→ **Input data**:
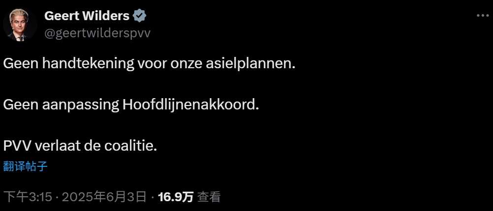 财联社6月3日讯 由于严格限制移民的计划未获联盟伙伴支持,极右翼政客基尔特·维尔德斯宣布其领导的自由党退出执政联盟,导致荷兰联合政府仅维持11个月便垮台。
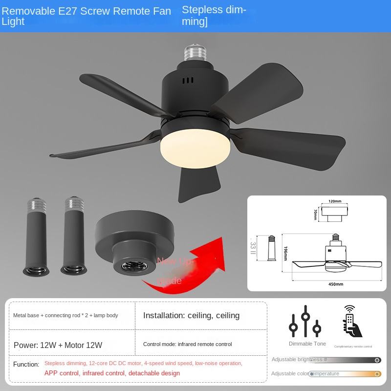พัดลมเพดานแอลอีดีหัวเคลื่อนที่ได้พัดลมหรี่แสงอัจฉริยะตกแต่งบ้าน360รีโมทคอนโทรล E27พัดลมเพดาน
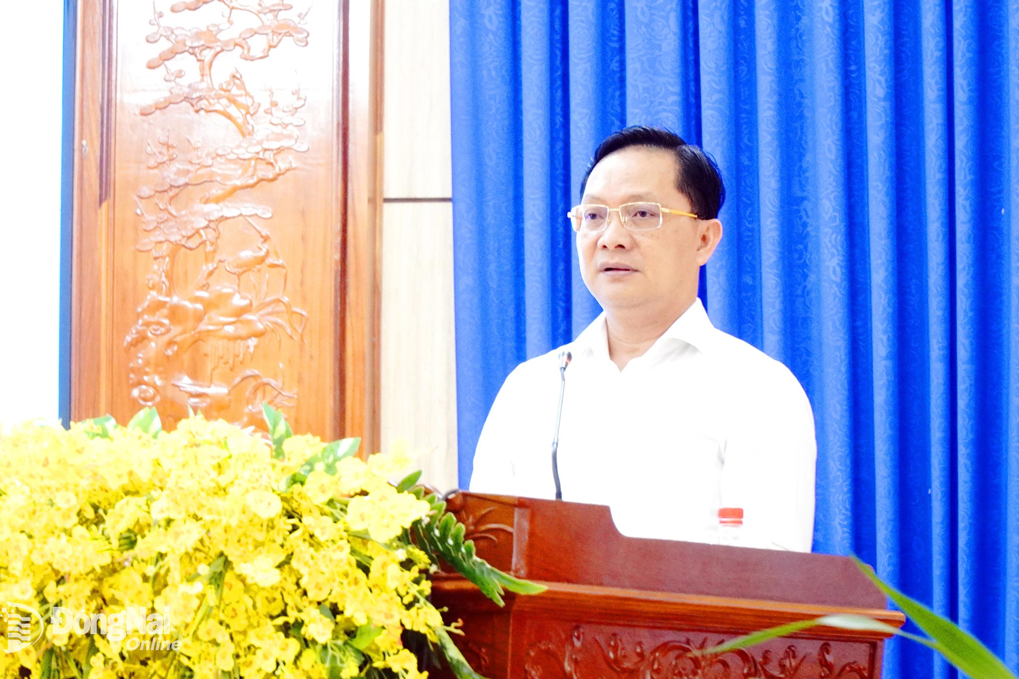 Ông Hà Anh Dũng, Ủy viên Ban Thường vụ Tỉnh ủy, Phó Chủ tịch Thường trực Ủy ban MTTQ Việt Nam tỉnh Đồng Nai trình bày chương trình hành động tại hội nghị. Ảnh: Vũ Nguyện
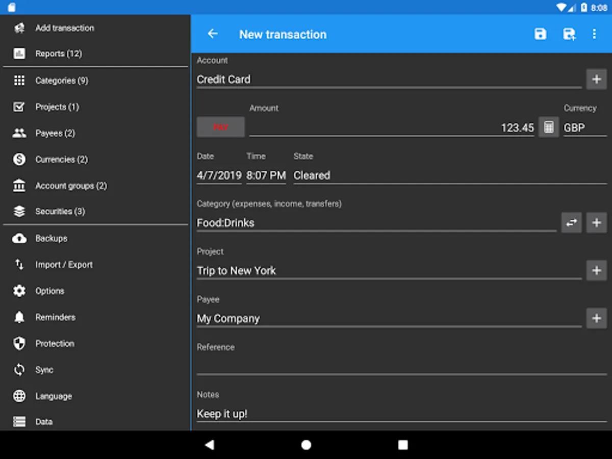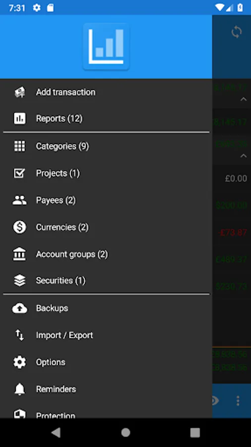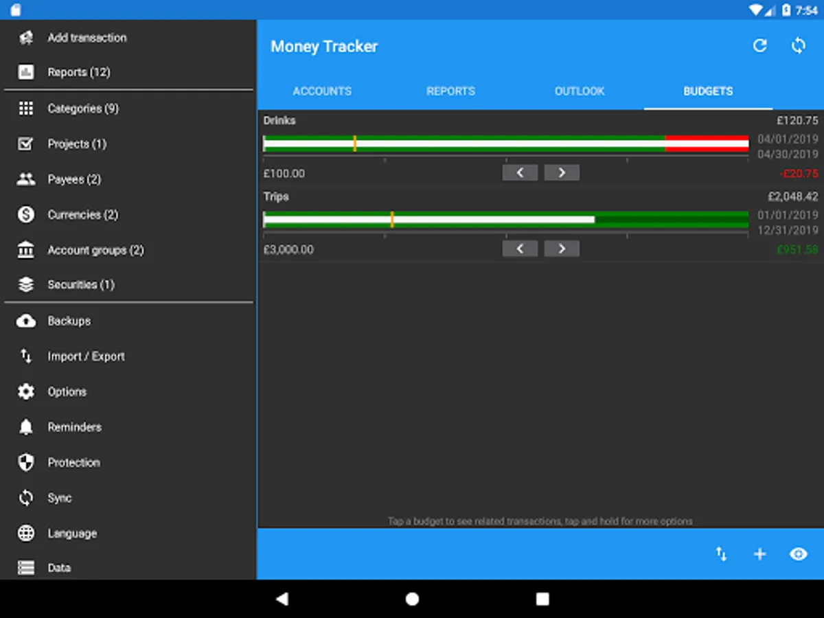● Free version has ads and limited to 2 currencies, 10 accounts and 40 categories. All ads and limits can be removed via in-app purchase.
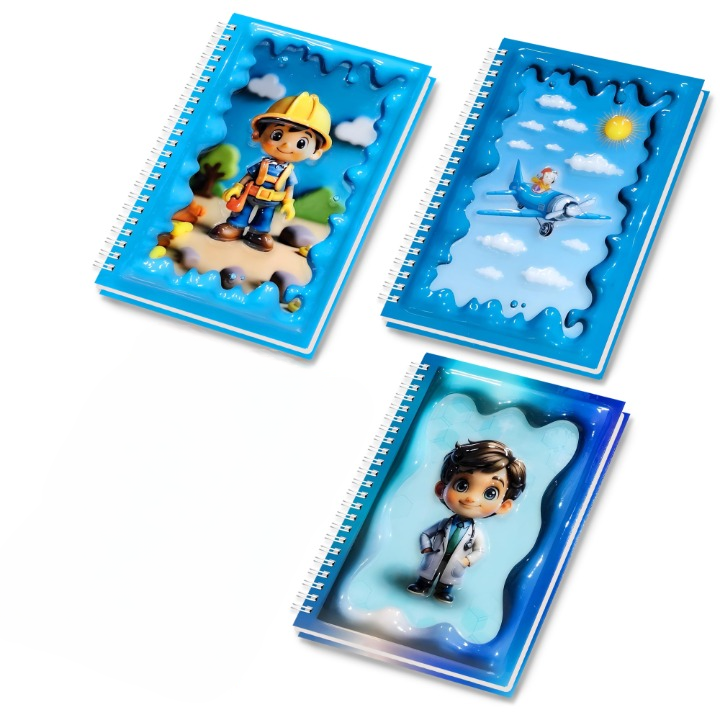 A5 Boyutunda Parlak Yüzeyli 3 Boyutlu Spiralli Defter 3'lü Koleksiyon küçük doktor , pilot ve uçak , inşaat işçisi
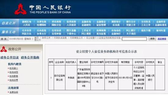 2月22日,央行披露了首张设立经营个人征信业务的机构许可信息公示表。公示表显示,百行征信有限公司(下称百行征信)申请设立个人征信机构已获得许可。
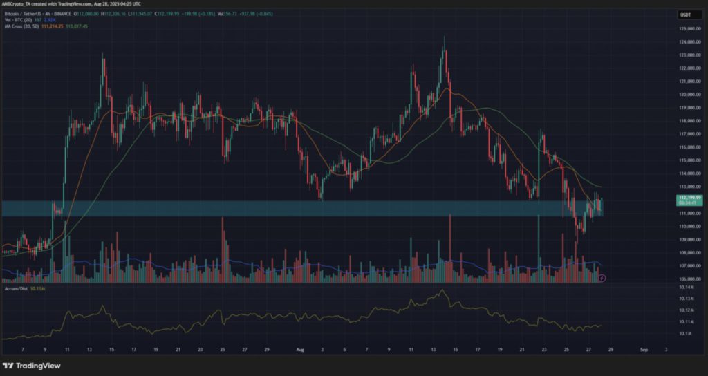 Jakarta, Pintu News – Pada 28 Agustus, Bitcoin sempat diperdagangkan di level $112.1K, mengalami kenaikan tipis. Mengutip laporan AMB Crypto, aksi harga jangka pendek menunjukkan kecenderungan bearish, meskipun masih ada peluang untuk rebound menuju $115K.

--

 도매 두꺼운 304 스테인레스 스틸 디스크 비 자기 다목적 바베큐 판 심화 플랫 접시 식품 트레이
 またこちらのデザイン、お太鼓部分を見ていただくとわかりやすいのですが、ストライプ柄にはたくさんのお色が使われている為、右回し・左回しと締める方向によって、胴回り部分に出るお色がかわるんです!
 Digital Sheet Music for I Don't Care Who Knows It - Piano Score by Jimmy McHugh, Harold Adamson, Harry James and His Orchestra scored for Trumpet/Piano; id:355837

→ **Exercise details**:
Going back to the data above, write out everything from the line with "via in-app purchase." down to the line with "Jakarta, Pintu News", both included, leaving every picture out.

→ **Problem solution**:
● Free version has ads and limited to 2 currencies, 10 accounts and 40 categories. All ads and limits can be removed via in-app purchase.
 A5 Boyutunda Parlak Yüzeyli 3 Boyutlu Spiralli Defter 3'lü Koleksiyon küçük doktor , pilot ve uçak , inşaat işçisi
 2月22日,央行披露了首张设立经营个人征信业务的机构许可信息公示表。公示表显示,百行征信有限公司(下称百行征信)申请设立个人征信机构已获得许可。
 Jakarta, Pintu News – Pada 28 Agustus, Bitcoin sempat diperdagangkan di level $112.1K, mengalami kenaikan tipis. Mengutip laporan AMB Crypto, aksi harga jangka pendek menunjukkan kecenderungan bearish, meskipun masih ada peluang untuk rebound menuju $115K.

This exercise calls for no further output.